LONDON — The global fallout from the Epstein files widened Wednesday, with French authorities urging survivors to come forward and British police assessing private flights to and from London connected to the late financier and convicted sex offender.
The U.S. Department of Justice's release of 3.5 million files surrounding Jeffrey Epstein has already led to high-profile arrests, resignations and investigations across Europe and beyond.
On Wednesday, Paris Public Prosecutor Laure Beccuau opened two new lines of inquiry, one into alleged human trafficking and the other into possible financial wrongdoing related to Epstein.
This was in the hopes that some victims "may come forward even though they had not done so in previous years," an official at the prosecutor's office told NBC News, while law enforcement specialists undertake the "titanic task" of reviewing the files.
Five magistrates will be appointed to act as "entry points for the various complaints, reports, and any other information that is communicated to us, so that we can pool them and ensure that no information is missed," the official added.

The investigation into possible financial crimes will involve the National Financial Prosecutor's Office, which earlier this month opened a separate investigation into former French Culture Minister Jack Lang, 86, in connection with suspected "laundering of the proceeds of tax evasion" after reporting from French investigative outlet Mediapart about a company set up jointly by Epstein and Lang's daughter in the U.S. Virgin Islands.
Lang subsequently resigned as president of the Arab World Institute, a prestigious Paris research institute whose headquarters were searched by French police on Monday.
He denied the accusations, saying in a Feb. 7 statement that he welcomed the investigation with "serenity and even relief" and hoped it would "allow us to shed full light on accusations concerning attacks on my integrity and honor."
Meanwhile in Britain, police on Wednesday confirmed that they were assessing revelations from the files about Epstein-related flights that had used Stansted Airport, northeast of London.
"We are assessing the information that has emerged in relation to private flights into and out of Stansted Airport following the publication of the U.S. DoJ Epstein files," a spokesperson for Essex Police, which covers that region, said in a statement.
Last year, an investigation by the BBC found that 87 Epstein-related flights had arrived at or departed from British airports between the early 1990s and 2018.
Gordon Brown, the former British prime minister, last week criticized a historical "systematic failure" in Britain to monitor Epstein's "three-decades-long criminal enterprise."
Writing in The New Statesman, a left-wing political magazine, he alleged that Stansted was "where women were transferred from one Epstein plane to another," citing the files and the BBC's findings of "incomplete flight logs" that did not include the names of some passengers, both male and female.

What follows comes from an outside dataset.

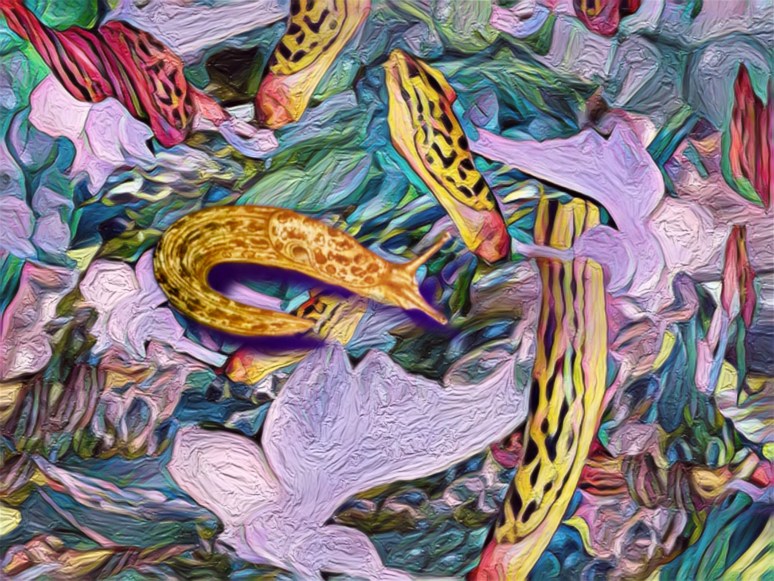My husband-wife will be fine without me. Its tentacles buzzed. They have their own dreams and desires, a thousand logs and leaves to explore. The slug turned to face a hanging fern. Its triangular offshoots, glistening wet, exploded out to reach for light in the rain. My egg-babies do not need me anymore. The forest pulsed and breathed. They will be born, grow, and live—pulled towards their life-journeys by some unimaginable force.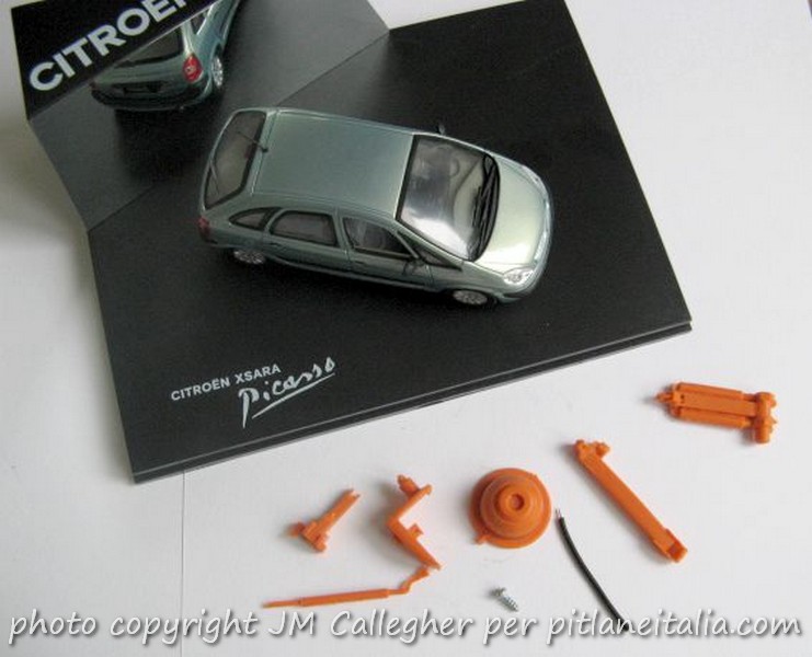 Ricordate la celebre pubblicità della Citroën Xsara Picasso di inizio anni 2000? Marpytoys, storico marchio olandese specializzato nella realizzazione ed elaborazione di modelli Citroën rari e particolari (https://marpytoys.com/en), ha commercializzato un transkit che permette di ricreare la scena dello spot della Picasso. La base Norev 1:43 va acquistata a parte.

A search of the DOJ's Epstein Library returned 88 mentions of the word "Stansted," including discussions over fuel charges and flight manifestos.

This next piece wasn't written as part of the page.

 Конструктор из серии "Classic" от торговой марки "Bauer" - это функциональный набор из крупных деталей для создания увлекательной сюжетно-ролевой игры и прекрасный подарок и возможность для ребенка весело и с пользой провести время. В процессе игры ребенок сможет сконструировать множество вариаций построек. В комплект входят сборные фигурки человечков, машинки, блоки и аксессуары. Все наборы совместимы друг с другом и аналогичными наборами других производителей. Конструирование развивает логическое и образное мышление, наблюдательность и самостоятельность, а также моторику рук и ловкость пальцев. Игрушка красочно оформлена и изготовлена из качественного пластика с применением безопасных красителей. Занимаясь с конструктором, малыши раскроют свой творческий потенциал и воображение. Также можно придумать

Stansted Airport said in a statement that it was not responsible for handling private flights, which instead go through independent operators. For visas and border checks, it referred NBC News to the U.K. Border Force, which in turn referred to its statement from Thursday.
"All individuals arriving in the United Kingdom, regardless of how they enter, are subject to thorough checks," it said. "Entry may be refused if a person has a criminal conviction, a history of serious or persistent offending, or has failed to declare previous convictions." The statement did not address passengers who change planes within U.K. airports without entering the country.

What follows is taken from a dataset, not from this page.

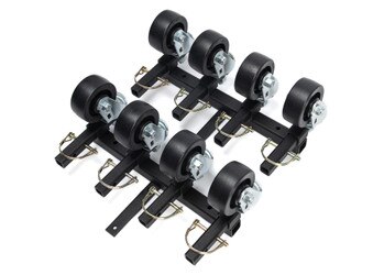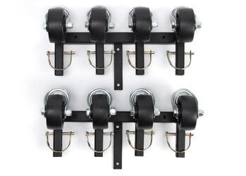 Wheel Set goes with the 80-136 Collapsible Car Stands to allow them to roll around freely. When wheels are not needed, store them up and out of the way in the included wall brackets.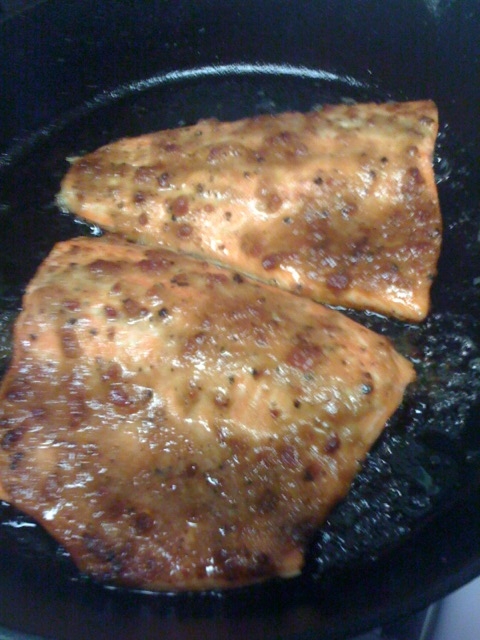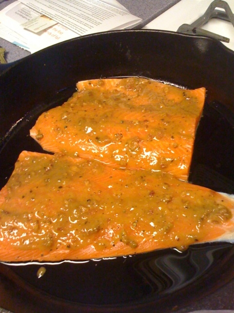 Hello world! It seems appropriate that my first blog post should center on food. My husband, Jon, loves to cook and he is really, really good at it. Over the course of the past year or so, he’s found his niche, taking existing recipes and adjusting them just enough to make them his own. Tonight was no exception. As we brainstormed about what to eat, he set off for the store for four items: flour, eggplant, fish and batteries (obviously this last item was not for a recipe). He returned with most of those items, though he forgot the flour and the batteries, along with some fresh kohlrabi, and he set to work. The result? Baked Salmon with Apricot Ginger Sauce and a Kohlrabi salad with home grown veggies and homemade dressing.

British police have already set up a national coordination group, which they say will look at Epstein's ties to Britain and its prominent figures.
A National Police Chiefs’ Council spokesperson said investigations "may take some time due to the volume of material and the complexity of international jurisdictions, but policing and its law enforcement partners are taking this matter extremely seriously, and will assess all information thoroughly."